Chatbot Overview
In recent times, chatbots have emerged as one of the most popular applications of Deep Learning. A lot of companies use chatbots to automate queries from users based on a knowledge base they have acquired over the years. It then makes sense for them to help a customer get quick answers to their questions from this knowledge base of articles rather than having them read pages of articles. This is where Question Answering chatbots come in. By feeding a large amount of text/domain knowledge to a chatbot, it is able to answer questions from the given text. Question Answering chatbots on a company’s website improves the user experience of a customer visiting the website. Let’s now understand how an organization can leverage AI to create their own Question Answering chatbots.
BERT, or Bidirectional Encoder Representations from Transformers, is a neural approach to pre-train language representations which obtains near state-of-the-art results on a wide array of Natural Language Processing (NLP) tasks such as Question Answering, speech recognition etc.
A detailed description about BERT’s architecture is available on Google’s research paper for BERT. To train a BERT model for question answering we use Stanford Question Answering Dataset (SQuAD) dataset. It is a reading comprehension dataset, consisting of questions posed by crowdworkers on a set of Wikipedia articles, where the answer to every question is a segment of text, or span, from the corresponding reading passage. Unlike SQuADv1.1, SQuADv2.0 can contain questions that are unanswerable.
NVIDIA GPU Cloud (NGC) provides state-of-the-art, optimized, machine learning frameworks, as well as models and scripts that can help you accelerate your AI journey and ensure that you’re always using the best tools for the job.

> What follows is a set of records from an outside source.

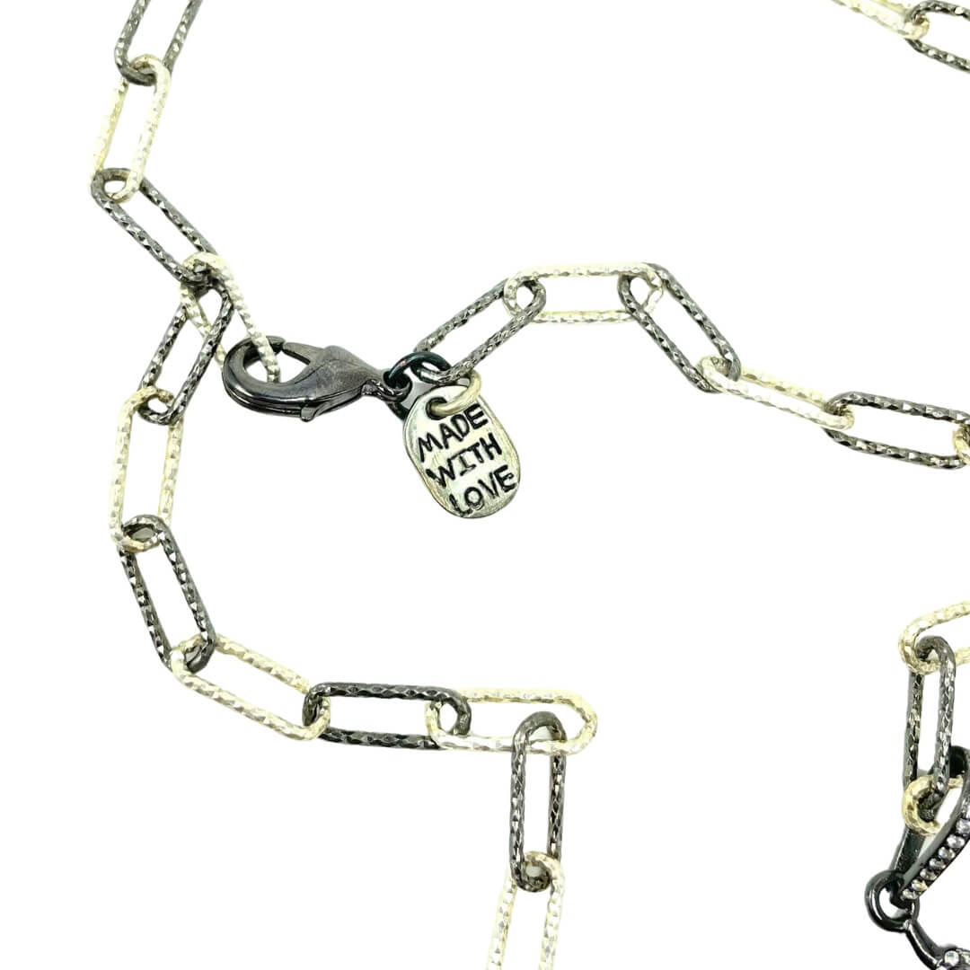 Diamond cut paperclip chain in sterling silver with oxidized accents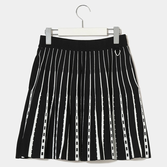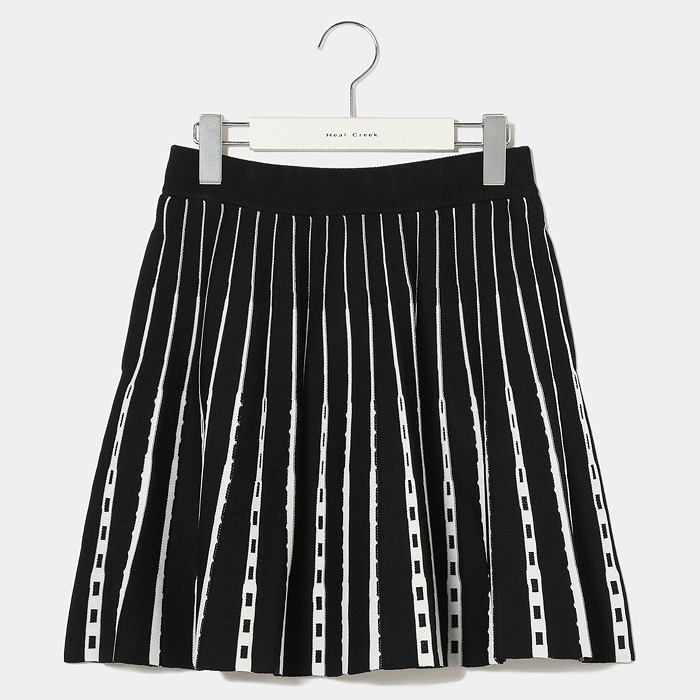 ニットの編み替えでプリーツを表現したスカートです。針目を増やしつつ形を形成していくのでウエスト周りはすっきりと裾に向かってボリューム付けたマーメイド風のシルエットになっています。縦に向かって流れるラインに幅の違うラインを入れることですらっと縦長効果のあるスカートになっています。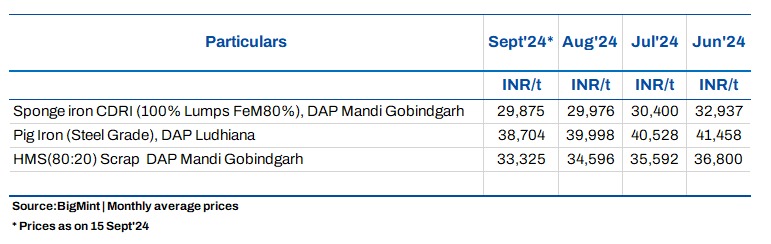 Sponge iron (CDRI) prices increased by INR 100/t to INR 29,700/t DAP in Mandi. Meanwhile, pig iron (steel grade) prices in Ludhiana increased by INR 200/t to INR 38,200/t DAP.
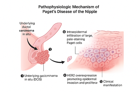 Histopathologically, the condition is marked by the presence of large, pale-staining Paget cells containing mucin and cytokeratin 7 within the epidermis. The underlying pathology frequently corresponds with ductal carcinoma in situ (DCIS) or invasive ductal carcinoma. Advances in molecular diagnostics, including immunohistochemistry and HER2/neu expression profiling, have improved diagnostic accuracy and therapeutic planning. Clinically, patients present with persistent erythema, nipple scaling, burning, or discharge, which may be mistaken for inflammatory disorders.
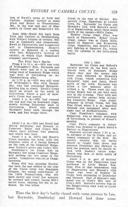 Reynolds' 1st Corps and Buford's cavalry arrived on the field early. Moved west of Seminar Ridge where they met the enemy, and were soon followed by Howard's 11th Corps, which connected with Reynolds' right and faced Ewell north of the town. Reynolds was killed a few minutes after 10 o'clock a. m. These were the only troops Meade had on the field until late in the evening. They held and prevented the enemy from occupying Cemetery Ridge. Capt. Jones' company in Sykes' Corps, left big Pipe Creek about 5 a. m., marched through and encamped after midnight east of McSherrystown.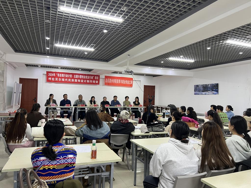 10月16日,2024年“布丝瑰行动计划·北疆巾慧创业就业行动”项目呼伦贝尔现代民族服饰设计制作培训在美术学院举办了开班仪式。呼伦贝尔市妇联四级调研员杨威、鑫衣北方原创服饰设计师姜心、美加墨世界杯官网美术学院党总支书记巴达日呼、党委宣传部副部长白玫、教务处副处长王继刚、招生就业处副处长杜志闯、美术学院公共美育教研室主任桂丽以及30名培训学员参加了此次开班仪式,呼伦贝尔市妇联权益和发展联络部部长包迪娅主持。
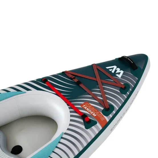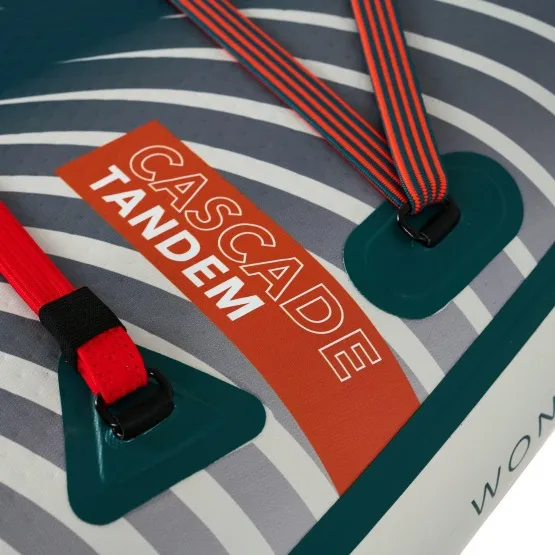 Cascade Tandem został wyprodukowany z zastosowaniem innowacyjnej technologii Drop Stitch Light, która zapewnia doskonałą wytrzymałość, lekkość i sztywność deski. Każda komora kajakowa posiada zawór spustowy do usuwania wody z pokładu.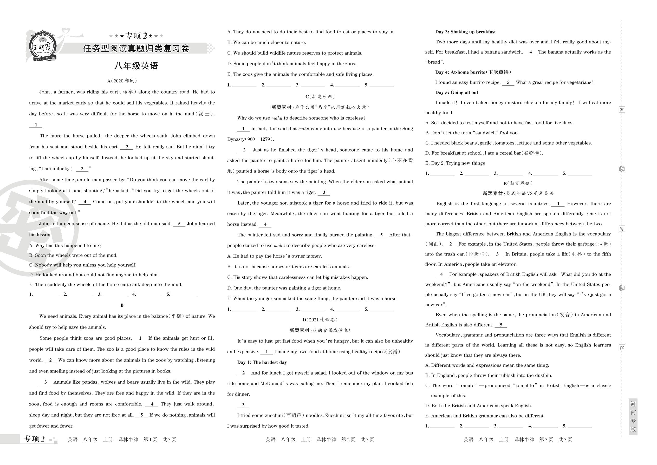 王朝霞期末专项卷——任务型阅读真题归类复习卷八年级上册英语(译林牛津版)【2】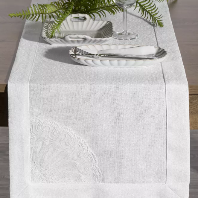 3. Bieżnik na stół biały 40x180 cm Emily z ozdobną listwą i mereżką
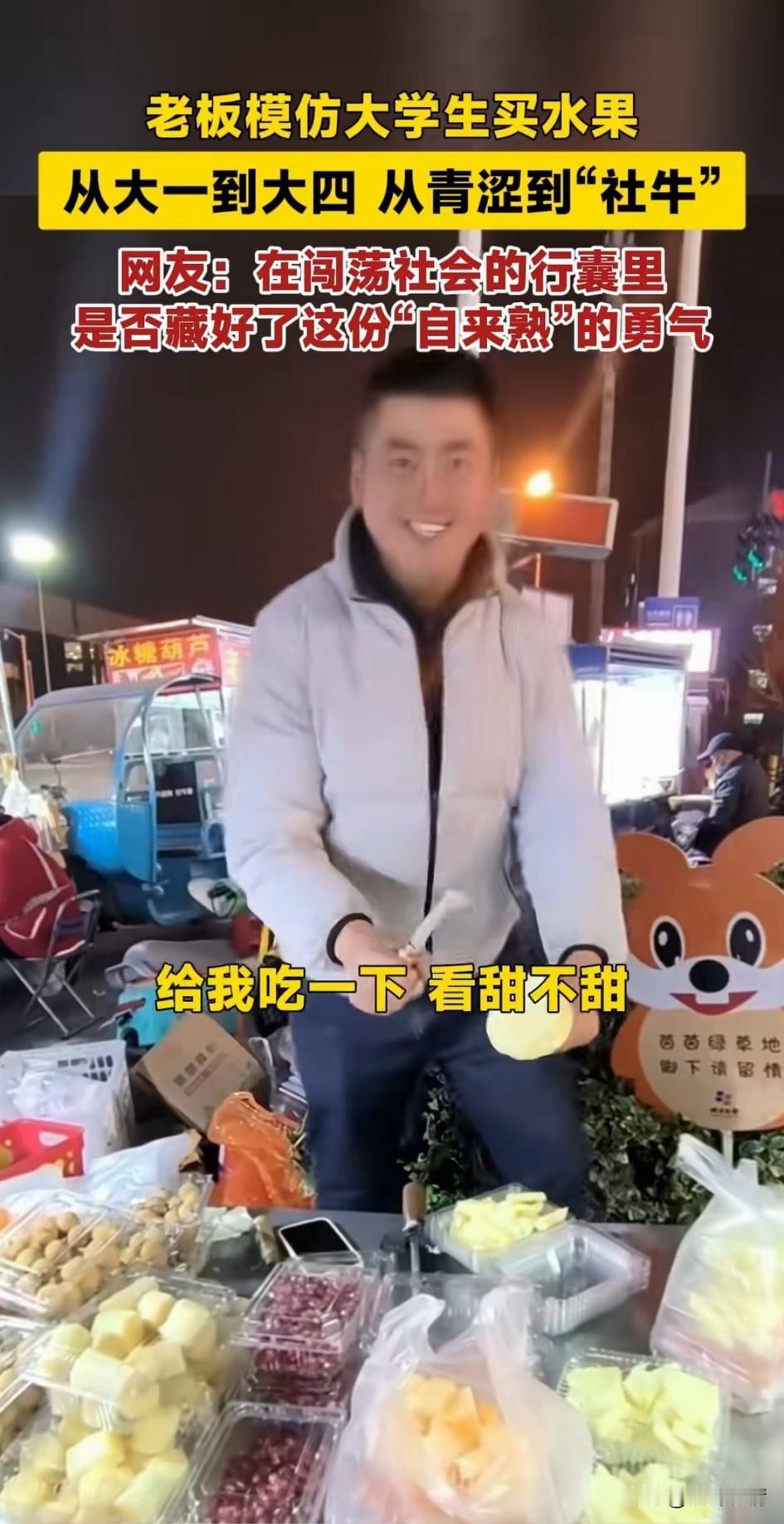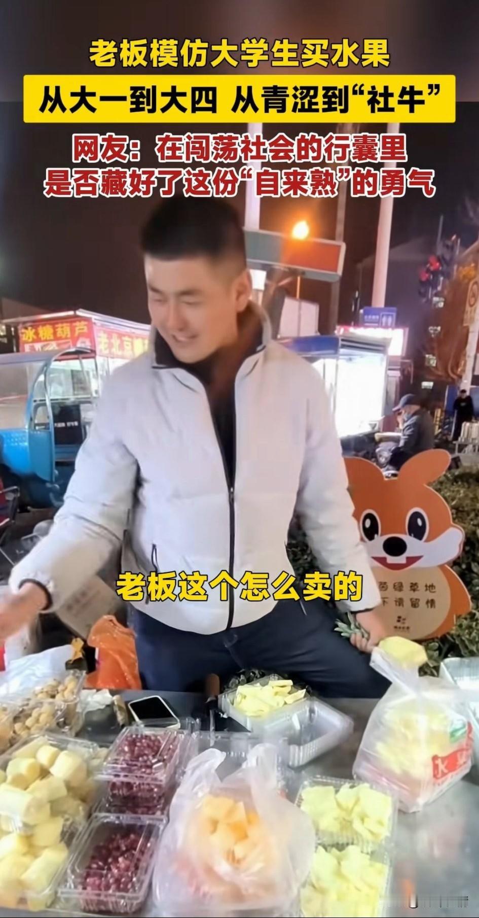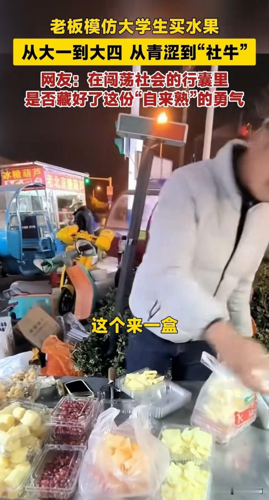 烟台大学城的老板模仿大学生买水果, 大一新生一般都是叔叔,这个水果怎么卖? 大二的学生一般都是老板,这个怎么卖的? 大三的学生一般都是这个、这个、这个来一盒! 大四的学生一般都是,老板,这个水果给我切一块,让我尝尝甜不甜! 可以说模仿的惟妙惟肖,一看这个卖水果的大哥就是老司机,接触的大学生很多了,就有了经验! 只要大学生来他的水果摊买水果,他就知道是大几的,然后他就对症下药,一一拿下! 会做生意的人就是这样,将生意做的非常的精,只有乐于观察客户的老板才是好老板! 老板的话也透露出了大学生从青涩到自来熟,这就是一个成长的过程,从学校的象牙塔过渡到了社会的皮囊! 大家对于这个老板模仿不同阶段学生买水果的样子怎么看? 山东 水果摊主 大学生卖果 烟台大学店 校园水果店

NGC provides BERT models which have been pre trained for hours on NVIDIA’s supercomputer so a user can download the model and fine-tune it on their own dataset without having to spend tremendous amounts of compute power on their side.
A deep learning model can’t consume text/sentences directly. The text first needs to be converted into a format that the model can understand. Tokenization is the process of breaking down the text into standard units that a model can understand. Traditional tokenization algorithms would split a sentence by a delimiter and assign each word a numerical value.
Example: “A quick fox jumps over a lazy dog” can be split into [“A”, “quick”, “fox”, “jumps”, “over”, “a”, “lazy”, “dog”] and can be assigned numerical values [1, 2,3, 4, 5, 6, 7, 8]. This vector can then be sent to a model as an input. The numeric values can be assigned by keeping a dictionary of all the words in the English language and giving each of them an ID. This dictionary is called a vocabulary in the NLP jargon.
Tokenizing words in this way (splitting by spaces) can pose the following issues: - A large vocabulary is needed as you will need to store all words in the dictionary. - Uncertainty of combined words like “check-in” (i.e., what exactly constitutes a word) is often ambiguous. - Certain languages don’t segment well by spaces.
A potential solution is to use subword tokenization, which helps break down unknown words into “subword units” so that models can make intelligent decisions on words that aren’t recognized. For example, words like check-in get further split into “check” and “in” or cycling into “cycle” and “ing” thereby reducing the number of words in the vocabulary.
A BERT model downloaded from NGC can be fine-tuned on SQUAD (Stanford’s Question Answering Dataset) to create a QA chatbot which can be hosted on Triton Inference Server. To feed a QA task into BERT, we pack both the question and the reference text into the input and tokenize them. The output is similarly tokenized. The model is then fine tuned with this input-output pair. This is how a Question Answering Model is trained.